From 00d8b69d3e141d478b0afb420b8405eaa7aa83f1 Mon Sep 17 00:00:00 2001
From: Vishal Pankaj Chandratreya <19171016+tfpf@users.noreply.github.com>
Date: Fri, 2 Aug 2024 20:06:05 +0530
Subject: [PATCH] Documented `SieveOfAtkin`

---
 src/utils/objects/sieve_of_atkin.rs | 65 +++++++++++++++++++++++++++++
 1 file changed, 65 insertions(+)

diff --git a/src/utils/objects/sieve_of_atkin.rs b/src/utils/objects/sieve_of_atkin.rs
index 85aad00..9ed3d53 100644
--- a/src/utils/objects/sieve_of_atkin.rs
+++ b/src/utils/objects/sieve_of_atkin.rs
@@ -13,6 +13,7 @@ pub struct SieveOfAtkin {
     limit_rounded_isqrt: usize,
     sieve: Vec<u16>,
 }
+
 impl SieveOfAtkin {
     // Consecutive differences between coprime residues modulo 60: 1, 7, 11,
     // 13, 17, 19, 23, 29, 31, 37, 41, 43, 47, 49, 53 and 59.

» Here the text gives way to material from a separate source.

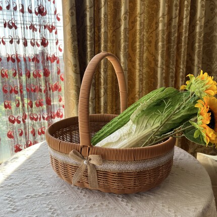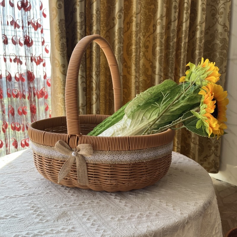 TL09复古椭圆仿藤编野餐手提篮 时尚简约鸡蛋篮小吃篮大号菜篮子
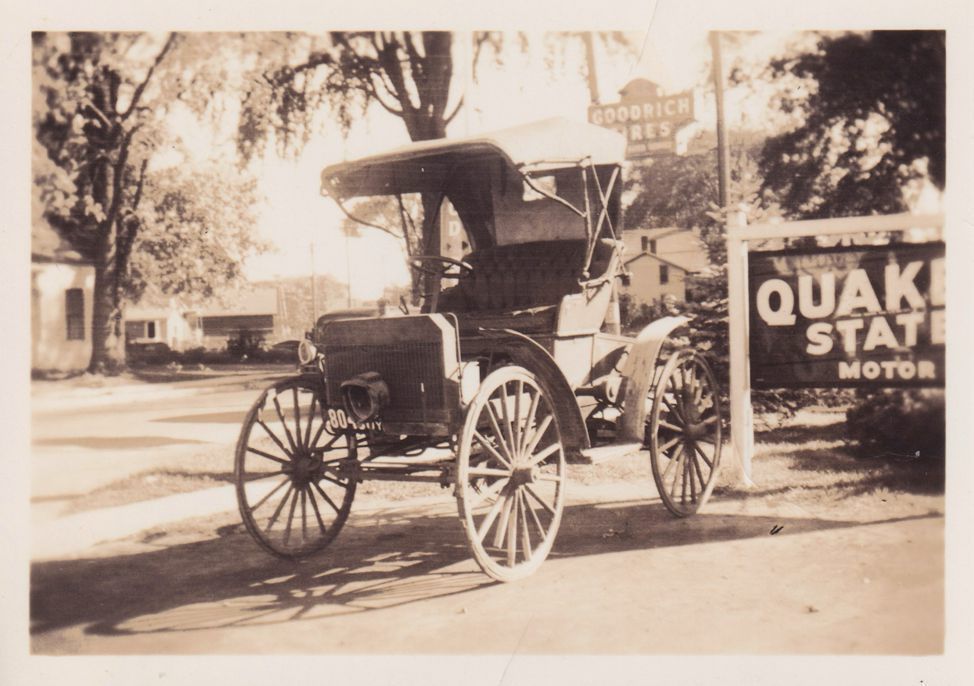 Black-and-White photograph of an early automobile parked next to a Quaker State Motor sign. A large Goodrich Tires sign can be seen behind the car. Photograph was likely printed by Kollecker's Kodak and Gift Shop.

@@ -25,7 +26,9 @@ impl SieveOfAtkin {
         16, 16, 15,
     ];
 }
+
 impl SieveOfAtkin {
+
     /// Construct the sieve of Atkin up to and including the given number.
     ///
     /// * `limit` Non-strict upper bound.
@@ -43,6 +46,8 @@ impl SieveOfAtkin {
         sieve_of_atkin.init();
         sieve_of_atkin
     }
+
+    /// Initialise the sieve of Atkin.
     fn init(&mut self) {
         for (delta, shift) in [1, 13, 17, 29, 37, 41, 49, 53]
             .into_iter()
@@ -78,6 +83,12 @@ impl SieveOfAtkin {
             }
         }
     }
+
+    /// Of the prime numbers congruent to 1 modulo 4, find those congruent to
+    /// `delta` modulo 60.
+    ///
+    /// * `delta` Residue.
+    /// * `shift` Position of `delta` in a list of coprime residues modulo 60.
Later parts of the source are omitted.